Deepak Voora, MD, A. Koneti Rao, MD, Gauthami S. Jalagadugula, PhD, Rachel Myers, PhD, Emily Harris, Thomas L. Ortel, MD PhD, Geoffrey S. Ginsburg, MD PhD. 2016. Systems Pharmacogenomics Finds RUNX1 Is an Aspirin-Responsive Transcription Factor Linked to Cardiovascular Disease and Colon Cancer. EBioMedicine..

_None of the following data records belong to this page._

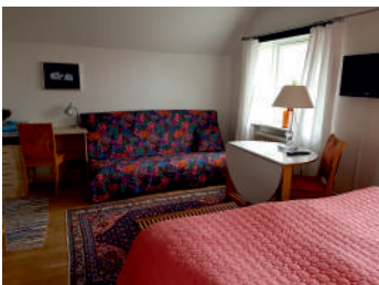
Vest værelse 2-4 personer
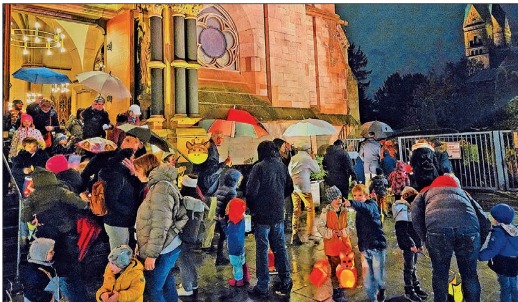
Nach dem kleinen Umzug in der Kirche machen sich alle durch den Regen auf den Weg in die Kita nebenan, um dort weitere schöne Stunden zu verbringen.

Nach mehreren Runden durch die Kirche führte der Weg direkt in die Kita St. Marien neben der Kirche, wo sich die Kinder des Lichtzugs nach und nach hinschlängelten. Dort gab es gegen Spenden Martinssüßigkeiten und Brezeln zu essen, und mit warmen Getränken konnte der Abend noch länger in gemütlicher Gemeinsamkeit genossen werden.
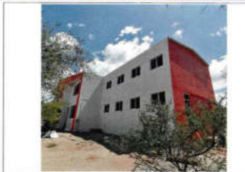
EL BARRIDO Y APLICACIÓN DE PINTURA BLANCA Y TINTES EN ROJO, ACABADO DEFINITIVO, BASE PARA LA OBRAS DE ACABOS INTERIORES

Observaciones: OBRA ADJUDICADA MEDIANTE LICITACIÓN PÚBLICA ESTATAL. Se encuentran trabajando en pintura, excavación para tendido de tubería conduit, cimentación de ampliación de I-line.
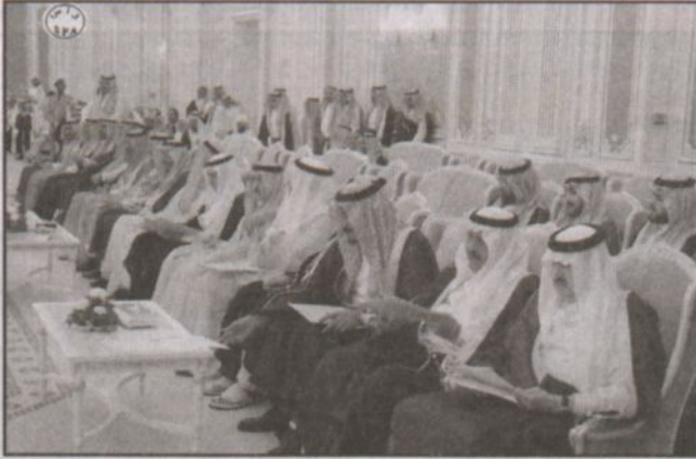
أصحاب السمو الملكي الأمراء خلال الاستقبال
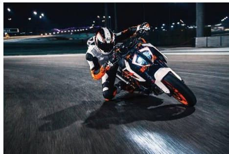
2018 KTM 1290 SUPER DUKE (ホワイト)

エンジン型式: 水冷4ストローク DOHC 4バルブ 75° V型2気筒 総排気量: 1,301 cc 最高出力: 130 kW (177 hp) / 9,750 rpm 最大トルク: 141 Nm / 7,000 rpm カラーバリエーション: ホワイト 保証期間: 2年間
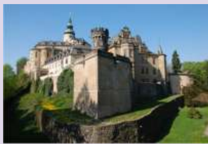
Hrad - zámek Frýdlant
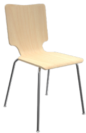
CM-4 A : 16" C : 18" E : 17"
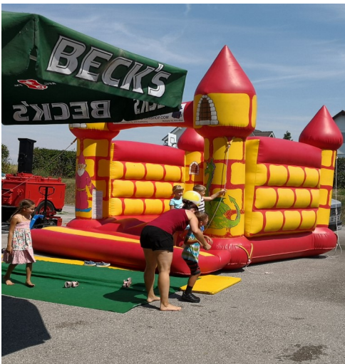
Auch die Kinder hatten ihren Spaß.
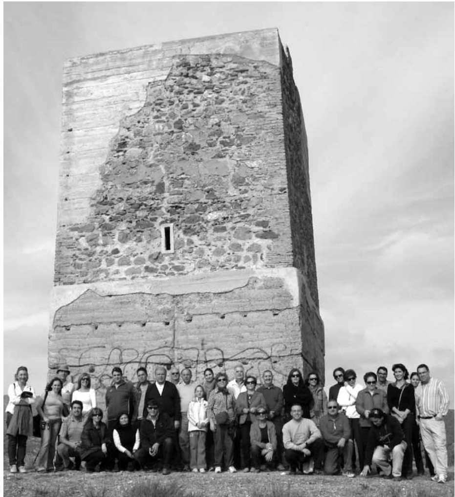
Lámina 14. Visita a la torre de La Torrecilla (Lorca) con motivo de las fiestas patronales de San Clemente.

Además han utilizado el taller de restauración y los laboratorios del MUAL durante un año los dieciocho alumnos y tres monitores del taller Cronos de la Concejalía de Empleo.
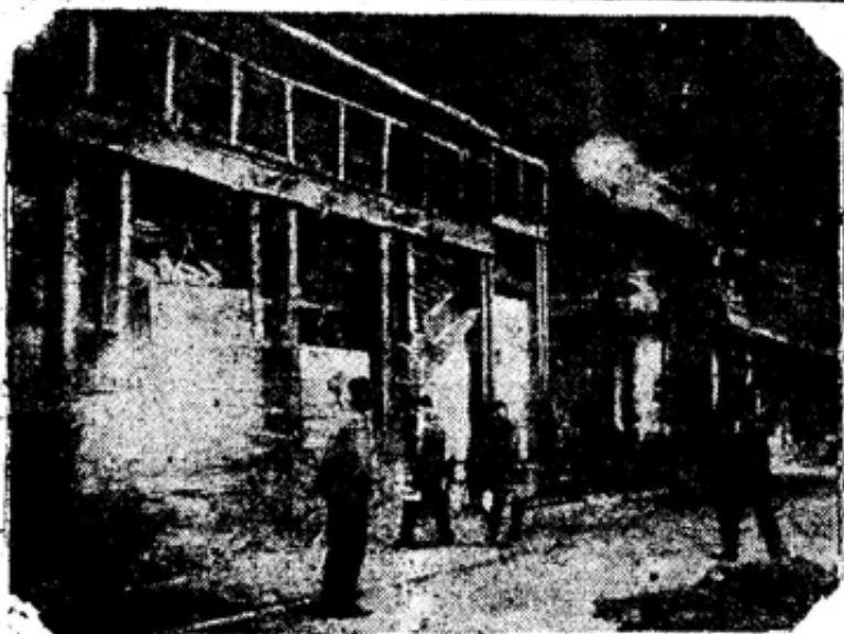
Подмазка столбиков на 3 мартеновской печи.
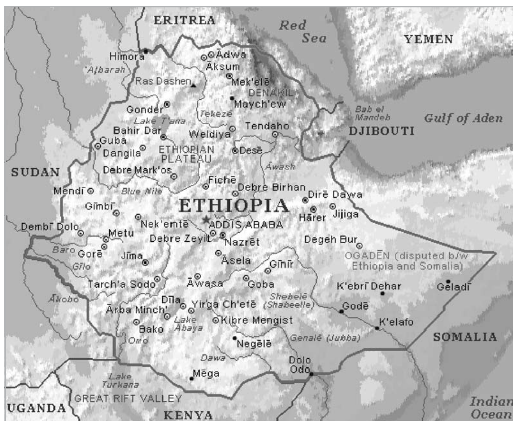
2. ÁBRA ETIÓPIA TERMÉSZETFDLDRAJZI TÉRKÉPE ÉS FŐBB TELEPÜLÉSEI FORRÁS: HTTP://MEMORY.LOC.GOV/CGI-BIN/MAP_ITEM

Egész Etiópia számára fontos az Awassa vize, amely nélkülözhetetlen áramforrás, és vizet szolgáltat a mezőgazdaság és ipar számára (pl. Wanji, Matahara stb. cukornád-, gyapot- és gyümölcsstermelő vidékein). Oromia egyedülálló vegetációja olyan növények eredeti otthona, mint a világszerte ismert kávé és valószínűleg itt ismerték fel elsőként a kávé serkentő hatását (Molnár, 2008). Ma is a kávétermesztés egyik központja.

a Duke Center for Applied Genomics & Precision Medicine, Duke University, Durham, NC, United States
b Department of Medicine, Duke University, Durham, NC, United States
c Department of Medicine and Sol Sherry Thrombosis Research Center, Temple University School of Medicine, Philadelphia, PA, United States
Aspirin prevents cardiovascular disease and colon cancer; however aspirin’s inhibition of platelet COX1 only partially explains its diverse effects. We previously identified an aspirin response signature (ARS) in blood consisting of 62 co-expressed transcripts that correlated with aspirin’s effects on platelets and myocardial infarction (MI). Here we report that 60% of ARS transcripts are regulated by RUNX1 – a hematopoietic transcription factor – and 48% of ARS gene promoters contain a RUNX1 binding site. Megakaryocytic cells exposed to aspirin and its metabolite (salicylic acid, a weak COX1 inhibitor) showed up regulation in the RUNX1 P1 isoform and MYL9, which is transcriptionally regulated by RUNX1. In human subjects, RUNX1 P1 expression in blood and RUNX1-regulated platelet proteins, including MYL9, were aspirin-responsive and associated with platelet function. In cardiovascular disease patients RUNX1 P1 expression was associated with death or MI. RUNX1 acts as a tumor suppressor gene in gastrointestinal malignancies. We show that RUNX1 P1 expression is associated with colon cancer free survival suggesting a role for RUNX1 in aspirin’s protective effect in colon cancer. Our studies reveal an effect of aspirin on RUNX1 and gene expression that may additionally explain aspirin’s effects in cardiovascular disease and cancer.